Posted: 09/19/11 06:52 PM ET

So the really big fight -- perhaps the defining battle of 2012 -- won't be over Medicare. It won't even be over Obama's jobs program.

It will be over whether the rich should pay more taxes.

The president has vowed to veto any plan to tame the debt that doesn't increase taxes on the rich. The Republicans have vowed to oppose any tax increases on the rich.

It's a good fight to have.

In a Rose Garden ceremony this morning, Obama proposed new taxes on the wealthy -- including a special new tax for millionaires, the closing of loopholes and deductions for people making more than $250,000 a year, and an end to the portion of the Bush tax cut going to higher incomes.

Republicans accuse the president of instigating "class warfare." But it's not warfare to demand the rich pay their fair share of taxes to bring down America's long-term debt.

After all, the richest 1 percent of Americans now takes home more than 20 percent of total income. That's the highest share going to the top 1 percent in almost 90 years.

And they now pay at the lowest tax rates in half a century -- half the rate they paid on ordinary income prior to 1981.

(Unfortunately, the President isn't proposing to raise the capital-gains tax -- which, now at 15 percent, creates a loophole large enough for the super-rich to drive their Ferrari's through. About 80 percent of the income of America's richest 400 comes in the form of capital gains. Here's where billionaire hedge-fund and private-equity fund managers make out like bandits. As I've noted, I also wish he aimed higher -- for more brackets and higher rates at the very top. But at least he's drawn a line in the sand. The veto message is clear.)

Anyone who says the American economy suffers when the rich pay more in taxes doesn't know history. We grew faster the first three decades after World War II than we have since.

Trickle-down economics has been a cruel joke.

On the other hand -- given projected budget deficits -- if the rich don't pay their fair share, the rest of us will have to bear more of a burden.

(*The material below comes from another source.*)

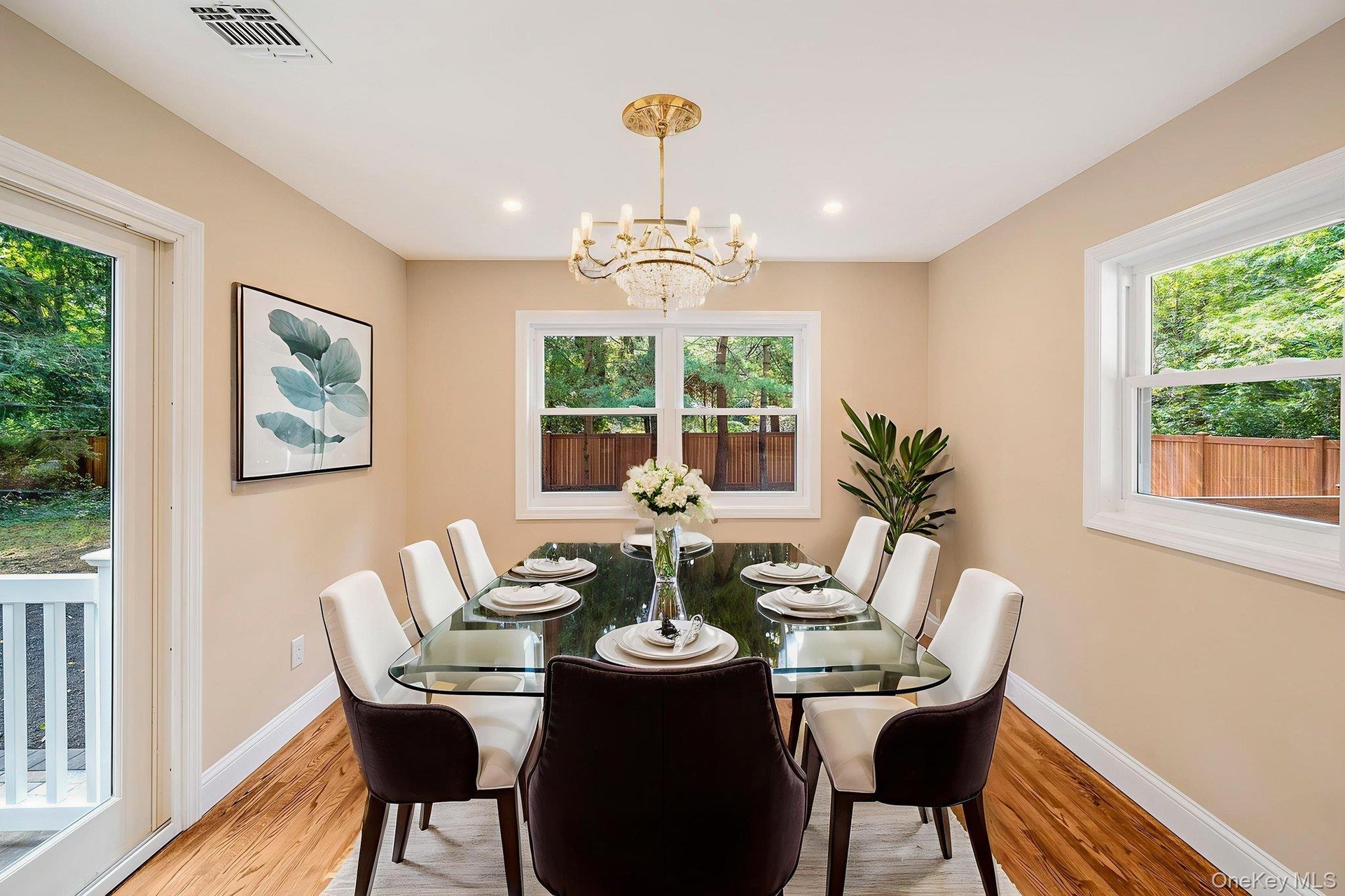 - Dining room featuring light wood-type flooring, a chandelier, and recessed lighting

And that burden inevitably will come in the form of either higher taxes or fewer public services.

If anyone's declared class warfare it's the people who inhabit the top rungs of big corporations and Wall Street (and who comprise a disproportionate number of America's super rich). They've declared it on average workers.

The ratio of corporate profits to wages is higher than it's been since before the Great Depression. And even as corporate salaries and perks keep rising, the median wage keeping dropping, and jobs continue to be shed.

You've got the chairman of Merck taking home $17.9 million last year. This year Merck announces plans to boot 13,000 workers. The CEO of Bank of America takes in $10 million, and the bank announces it's firing 30,000 workers.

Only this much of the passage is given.